Bitcoin failed to hold above the $50,000 mark and was down 4.2% over the past 24 hours.
The largest cryptocurrency was looking weak on Thursday, a day after CEOs from six major crypto firms spoke before the U.S. House of Representatives Financial Services Committee.
The hearing, which clocked in as one of the longest Congressional hearings on crypto, lasted almost five hours. Nearly 40 lawmakers asked questions ranging from specific topics like stablecoin backing to broader areas like use cases in the crypto sector.
Bitcoin and Ethereum saw significant bids being stacked up following the hearing. However, this has since slowed down according to Matthew Dibb, Stack Funds’ chief operating officer.
Ether (ETH), the second largest cryptocurrency by market capitalization, was trading around $4,191 at press time, down 5% over the past 24 hours.
All eyes are currently on the ETH/BTC trading pair, according to Dibb.
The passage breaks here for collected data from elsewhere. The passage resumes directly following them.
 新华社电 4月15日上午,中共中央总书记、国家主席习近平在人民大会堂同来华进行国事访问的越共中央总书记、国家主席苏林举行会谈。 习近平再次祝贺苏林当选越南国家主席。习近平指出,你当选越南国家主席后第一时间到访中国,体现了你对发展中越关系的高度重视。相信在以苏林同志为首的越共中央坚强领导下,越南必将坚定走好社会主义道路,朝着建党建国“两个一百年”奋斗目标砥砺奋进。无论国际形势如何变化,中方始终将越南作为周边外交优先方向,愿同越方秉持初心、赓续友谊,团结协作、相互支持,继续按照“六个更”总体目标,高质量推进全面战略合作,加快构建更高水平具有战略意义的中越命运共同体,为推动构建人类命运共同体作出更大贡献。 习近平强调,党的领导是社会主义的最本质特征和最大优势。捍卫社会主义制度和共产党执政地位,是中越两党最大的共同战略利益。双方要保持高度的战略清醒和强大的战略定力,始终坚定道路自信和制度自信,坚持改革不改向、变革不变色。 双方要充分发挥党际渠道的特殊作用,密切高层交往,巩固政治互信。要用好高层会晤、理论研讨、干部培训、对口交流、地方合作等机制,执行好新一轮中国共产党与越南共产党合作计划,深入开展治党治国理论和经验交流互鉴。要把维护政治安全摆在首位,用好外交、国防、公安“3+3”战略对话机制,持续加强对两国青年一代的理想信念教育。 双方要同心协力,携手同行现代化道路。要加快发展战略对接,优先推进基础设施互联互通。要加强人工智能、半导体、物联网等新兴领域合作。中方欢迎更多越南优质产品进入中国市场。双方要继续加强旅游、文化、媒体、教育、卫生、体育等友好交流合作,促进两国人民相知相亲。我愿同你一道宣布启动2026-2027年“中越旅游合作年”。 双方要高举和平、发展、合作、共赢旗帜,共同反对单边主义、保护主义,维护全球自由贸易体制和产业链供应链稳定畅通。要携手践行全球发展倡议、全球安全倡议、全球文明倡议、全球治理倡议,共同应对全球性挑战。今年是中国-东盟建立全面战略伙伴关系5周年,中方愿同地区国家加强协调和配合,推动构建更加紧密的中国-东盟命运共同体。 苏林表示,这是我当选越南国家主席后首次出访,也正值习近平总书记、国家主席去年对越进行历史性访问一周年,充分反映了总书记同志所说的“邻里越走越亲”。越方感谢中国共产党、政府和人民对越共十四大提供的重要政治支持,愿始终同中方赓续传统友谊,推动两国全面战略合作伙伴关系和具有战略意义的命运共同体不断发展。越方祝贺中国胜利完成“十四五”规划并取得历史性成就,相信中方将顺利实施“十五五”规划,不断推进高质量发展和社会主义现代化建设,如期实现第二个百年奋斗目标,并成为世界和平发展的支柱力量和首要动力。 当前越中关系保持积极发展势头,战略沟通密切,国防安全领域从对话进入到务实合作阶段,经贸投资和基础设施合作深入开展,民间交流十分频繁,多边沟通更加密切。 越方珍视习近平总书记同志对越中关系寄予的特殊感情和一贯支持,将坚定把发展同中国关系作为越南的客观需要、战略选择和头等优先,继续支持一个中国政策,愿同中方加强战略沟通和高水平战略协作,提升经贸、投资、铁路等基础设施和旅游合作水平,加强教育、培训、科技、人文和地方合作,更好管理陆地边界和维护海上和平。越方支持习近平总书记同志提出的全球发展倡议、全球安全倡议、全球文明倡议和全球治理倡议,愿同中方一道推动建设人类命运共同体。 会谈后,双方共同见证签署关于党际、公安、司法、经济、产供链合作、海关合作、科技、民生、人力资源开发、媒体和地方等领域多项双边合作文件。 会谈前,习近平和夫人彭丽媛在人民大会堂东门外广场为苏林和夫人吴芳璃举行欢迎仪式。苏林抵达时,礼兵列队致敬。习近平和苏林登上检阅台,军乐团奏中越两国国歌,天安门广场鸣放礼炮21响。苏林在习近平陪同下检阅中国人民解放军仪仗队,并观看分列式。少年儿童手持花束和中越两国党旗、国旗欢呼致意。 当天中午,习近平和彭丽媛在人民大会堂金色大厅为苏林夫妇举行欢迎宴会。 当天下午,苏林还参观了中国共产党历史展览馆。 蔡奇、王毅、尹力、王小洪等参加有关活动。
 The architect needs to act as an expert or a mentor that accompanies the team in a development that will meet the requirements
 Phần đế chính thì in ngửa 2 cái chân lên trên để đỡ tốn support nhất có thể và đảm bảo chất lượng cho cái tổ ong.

That’s the ratio between prices for ether and bitcoin, and it’s used to track the relative strength between the two cryptocurrencies.
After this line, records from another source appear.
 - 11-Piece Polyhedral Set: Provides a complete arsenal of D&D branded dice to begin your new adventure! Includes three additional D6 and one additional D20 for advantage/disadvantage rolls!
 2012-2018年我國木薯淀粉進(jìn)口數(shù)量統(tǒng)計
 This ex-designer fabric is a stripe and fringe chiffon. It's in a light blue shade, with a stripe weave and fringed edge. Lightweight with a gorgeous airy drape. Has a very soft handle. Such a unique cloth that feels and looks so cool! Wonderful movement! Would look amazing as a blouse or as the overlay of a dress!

The ratio rose even when the market crashed last weekend, rising around 13%, reaching a 3 1/2-year high and registering its best weekly performance since May.
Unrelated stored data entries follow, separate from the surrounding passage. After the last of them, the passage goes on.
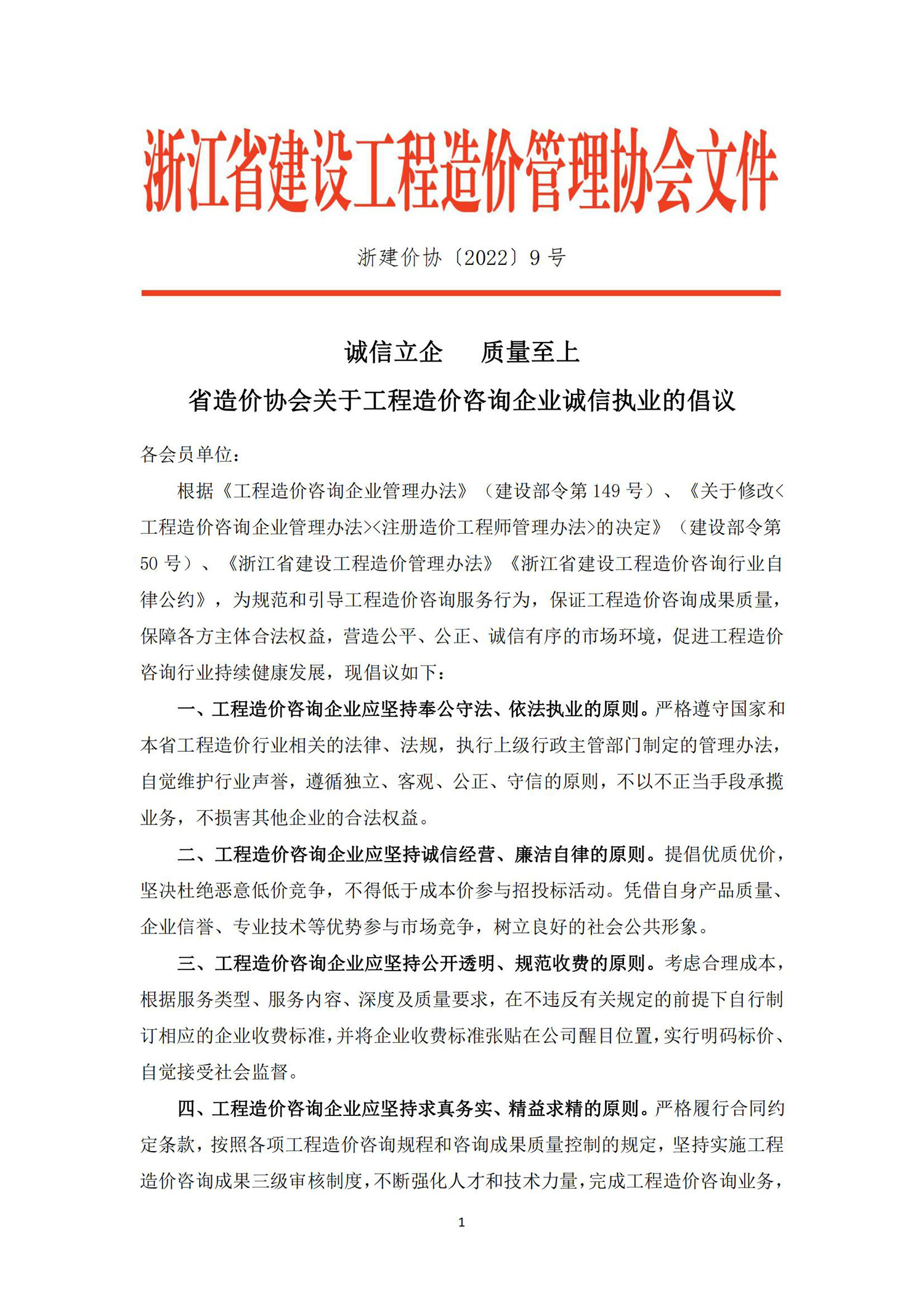 省造价协会关于工程造价咨询企业诚信执业的倡议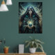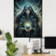 Mit diesem atemberaubenden gotischen Wandbild mit einer dunklen Hexe mit einer glühenden Kristallkugel tauchen Sie ein in eine Welt des arkanen Mysteriums. Umgeben von uralter Energie und verschleiert in Schatten, repräsentiert sie tiefgründige Intuition, Göttlichkeit und femininen Power. Ein perfektes Stück für Halloween, Samhain oder die alltägliche gotische Wohngestaltung. Gedruckt auf hochwertigem Papier, erhältlich in verschiedenen Größen.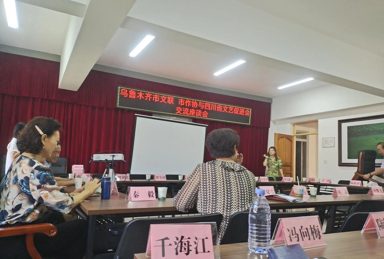 7月21日上午10点30分,在乌鲁木齐市文联5楼会议室,乌鲁木齐市作协与四川散文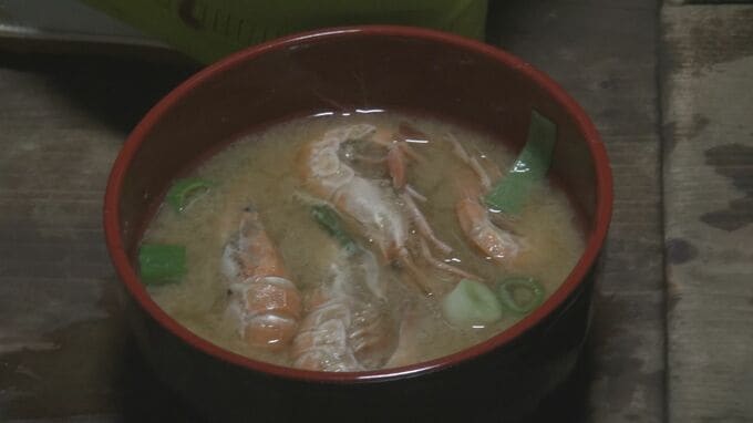 この日は、漁師特製・トラエビの味噌汁でした。また、取材班にも振舞っていただきました。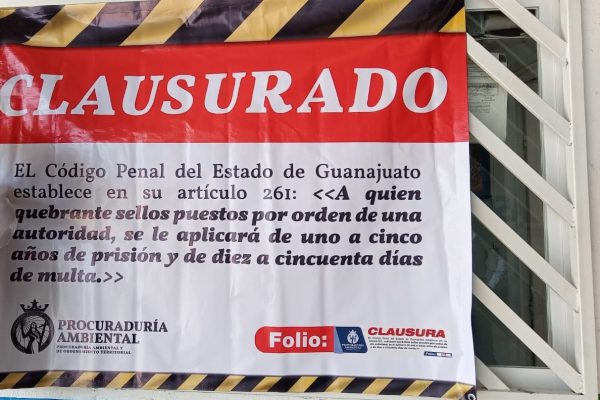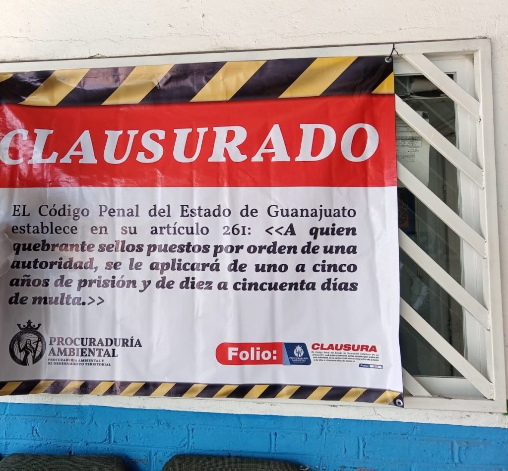 Clausura PAOT Centro de Verificación Vehicular en el municipio de Irapuato Mediante una denuncia, la PAOT clausura temporalmente el centro de verificación vehicular. Guanajuato, Gto, a 23 de noviembre de 2025.- La Procuraduría Ambiental y de Ordenamiento Territorial del Estado de Guanajuato mediante una denuncia, realizó la clausura temporal de un centro de verificación vehicular en el municipio de Irapuato, Guanajuato. La clausura temporal se realizó luego de que la PAOT recibió una denuncia por presuntas irregularidades en la operación del centro de verificación vehicular, por lo cual, personal de la dependencia estatal inició un expediente de inspección para acudir al sitio y revisar las condiciones en que opera. Derivado de la supervisión, se determinó hacer efectiva la medida de clausura temporal con la finalidad de evitar la operación y funcionamiento irregular de sus verificaciones vehiculares, así como suspender la expedición de constancias y engomados. La clausura temporal se mantendrá hasta en tanto, no exista evidencias que desvirtúen los hechos denunciados. Lo anterior a efecto de garantizar un medio ambiente sano, cuidando la calidad del aire para evitar afectaciones a la salud pública.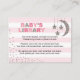 Combine o seu convite para chá de fraldas de estrela cintilante com este traz um livro para o cartão de solicitação de biblioteca do bebê em rosa e prata com lua, estrelas, listras e brilho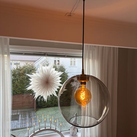 Pent brukt Belind tak lampe kjøpt på Christiania. Fint å ha over spisestuebordet. Sotfarget. Ny pris 4899 Kr. Størrelse H: 29. Bredde på det tykkeste: 80. Hbo 2500 kr

Analysts pointed to several factors to explain the upward trajectory, one of them being Ethereum blockchain’s EIP-1559 upgrade implemented in August. That change has effectively reduced the net new supply of ether from the Ethereum blockchain, and it appeared to help ETH/BTC make gains in a risk-off environment.
“ETH/BTC is showing a huge amount of outperformance since the start of November,” said Dibb.
Dibb said that if this strength continues, traders can expect the ETH/BTC ratio to hit 0.10 in Q1 of 2022. The ratio is currently at 0.8.
For altcoins, XRP was up 3% on the day, Terra’s LUNA by 0.19% and BNB was down 2.11% according to data source Messari.
In traditional markets, U.S. stock futures pointed to a lower open in New York and European equities edged down as investors took into account new restrictions to battle the spread of the Omicron Covid-19 variant.